▶ INPUT DATA:
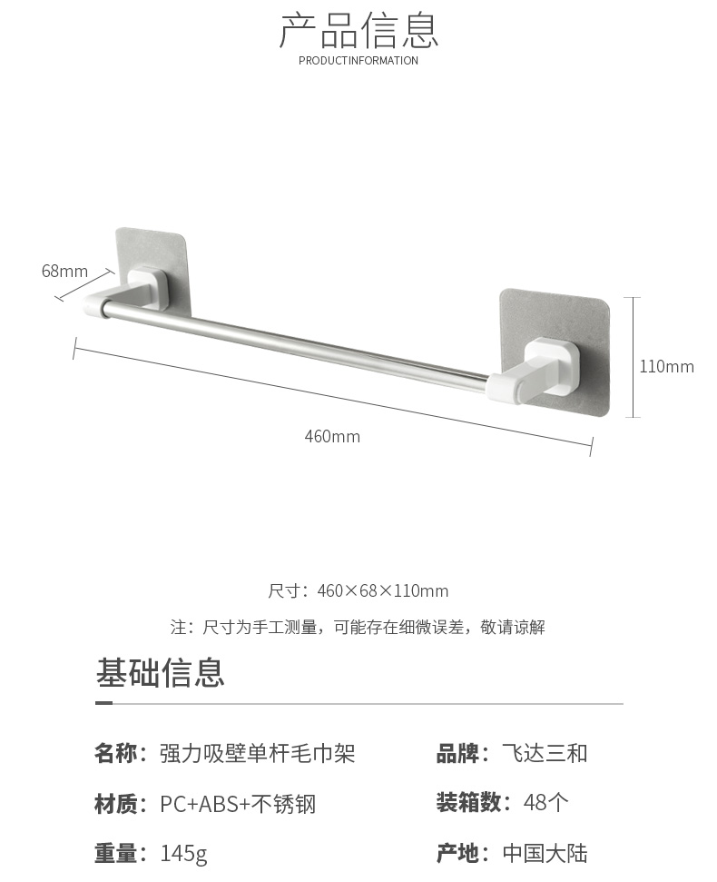 品牌名称:jiuyou登录入口三和 生产地区:中国·浙江·台州 jiuyou登录入口货号:R5470 装箱数:48 jiuyou登录入口尺寸:46*6.8*11cm 外箱尺寸:50*35*49.5cm 条形码:6931643818780 jiuyou登录入口三和R5470 强力吸壁单杆毛巾架
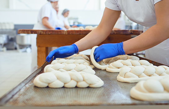 製造工程のほとんどが機械化されているため、現場の作業ではベルトコンベアーで流れてきたパン生地にバターを塗ったり、具材をトッピングしたりする加工・盛り付けの行程がメインとなります。
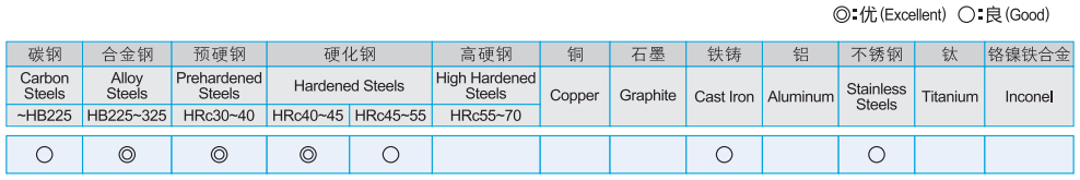 · 为加工工具钢,合金钢,模具其他硬材料设计 · 提高表面光洁度 · 提高进给速度
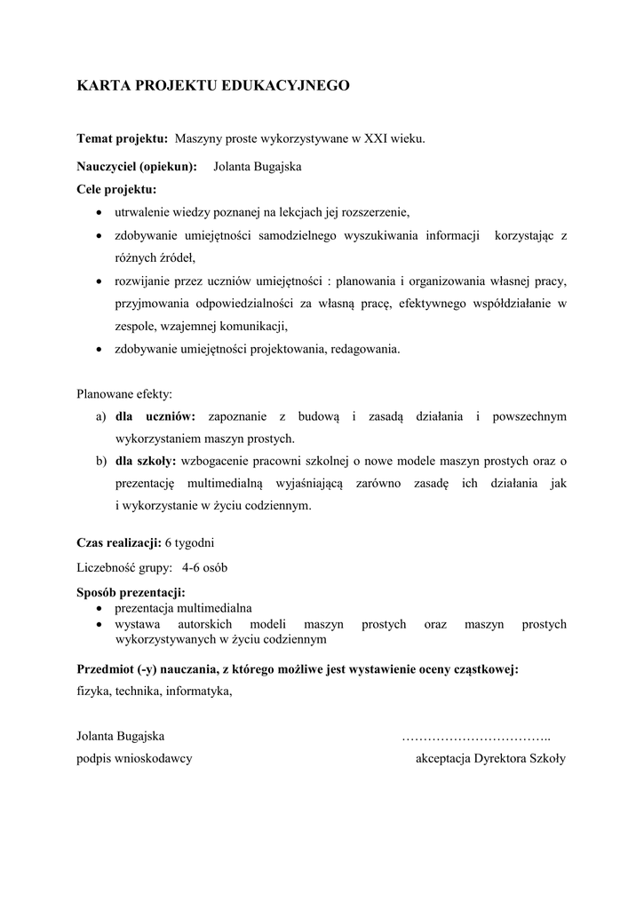 KARTA PROJEKTU EDUKACYJNEGO Temat projektu: Maszyny proste wykorzystywane w XXI wieku. Nauczyciel (opiekun): Jolanta Bugajska Cele projektu: utrwalenie wiedzy poznanej na lekcjach jej rozszerzenie, zdobywanie umiejętności samodzielnego wyszukiwania informacji korzystając z różnych źródeł, rozwijanie przez uczniów umiejętności : planowania i organizowania własnej pracy, przyjmowania odpowiedzialności za własną pracę, efektywnego współdziałanie w zespole, wzajemnej komunikacji, zdobywanie umiejętności projektowania, redagowania. Planowane efekty: a) dla uczniów: zapoznanie z budową i zasadą działania i powszechnym wykorzystaniem maszyn prostych. b) dla szkoły: wzbogacenie pracowni szkolnej o nowe modele maszyn prostych oraz o prezentację multimedialną wyjaśniającą zarówno zasadę ich działania jak i wykorzystanie w życiu codziennym. Czas realizacji: 6 tygodni Liczebność grupy: 4-6 osób Sposób prezentacji: prezentacja multimedialna wystawa autorskich modeli maszyn wykorzystywanych w życiu codziennym prostych oraz maszyn prostych Przedmiot (-y) nauczania, z którego możliwe jest wystawienie oceny cząstkowej: fizyka, technika, informatyka, Jolanta Bugajska podpis wnioskodawcy …………………………….. akceptacja Dyrektora Szkoły
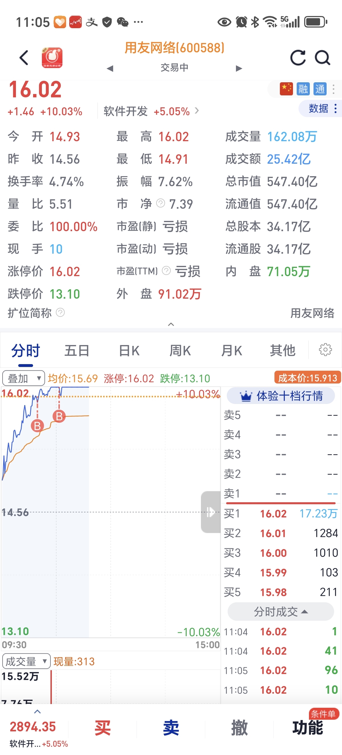 $用友网络(SH600588)$ 废话不多说,干就是了!

▶ TASK ITEM: What you return must match the records letter for letter, except that the pictures stay out.

▶ ANSWER SPACE:
 品牌名称:jiuyou登录入口三和 生产地区:中国·浙江·台州 jiuyou登录入口货号:R5470 装箱数:48 jiuyou登录入口尺寸:46*6.8*11cm 外箱尺寸:50*35*49.5cm 条形码:6931643818780 jiuyou登录入口三和R5470 强力吸壁单杆毛巾架
 製造工程のほとんどが機械化されているため、現場の作業ではベルトコンベアーで流れてきたパン生地にバターを塗ったり、具材をトッピングしたりする加工・盛り付けの行程がメインとなります。
 · 为加工工具钢,合金钢,模具其他硬材料设计 · 提高表面光洁度 · 提高进给速度
 KARTA PROJEKTU EDUKACYJNEGO Temat projektu: Maszyny proste wykorzystywane w XXI wieku. Nauczyciel (opiekun): Jolanta Bugajska Cele projektu: utrwalenie wiedzy poznanej na lekcjach jej rozszerzenie, zdobywanie umiejętności samodzielnego wyszukiwania informacji korzystając z różnych źródeł, rozwijanie przez uczniów umiejętności : planowania i organizowania własnej pracy, przyjmowania odpowiedzialności za własną pracę, efektywnego współdziałanie w zespole, wzajemnej komunikacji, zdobywanie umiejętności projektowania, redagowania. Planowane efekty: a) dla uczniów: zapoznanie z budową i zasadą działania i powszechnym wykorzystaniem maszyn prostych. b) dla szkoły: wzbogacenie pracowni szkolnej o nowe modele maszyn prostych oraz o prezentację multimedialną wyjaśniającą zarówno zasadę ich działania jak i wykorzystanie w życiu codziennym. Czas realizacji: 6 tygodni Liczebność grupy: 4-6 osób Sposób prezentacji: prezentacja multimedialna wystawa autorskich modeli maszyn wykorzystywanych w życiu codziennym prostych oraz maszyn prostych Przedmiot (-y) nauczania, z którego możliwe jest wystawienie oceny cząstkowej: fizyka, technika, informatyka, Jolanta Bugajska podpis wnioskodawcy …………………………….. akceptacja Dyrektora Szkoły
 $用友网络(SH600588)$ 废话不多说,干就是了!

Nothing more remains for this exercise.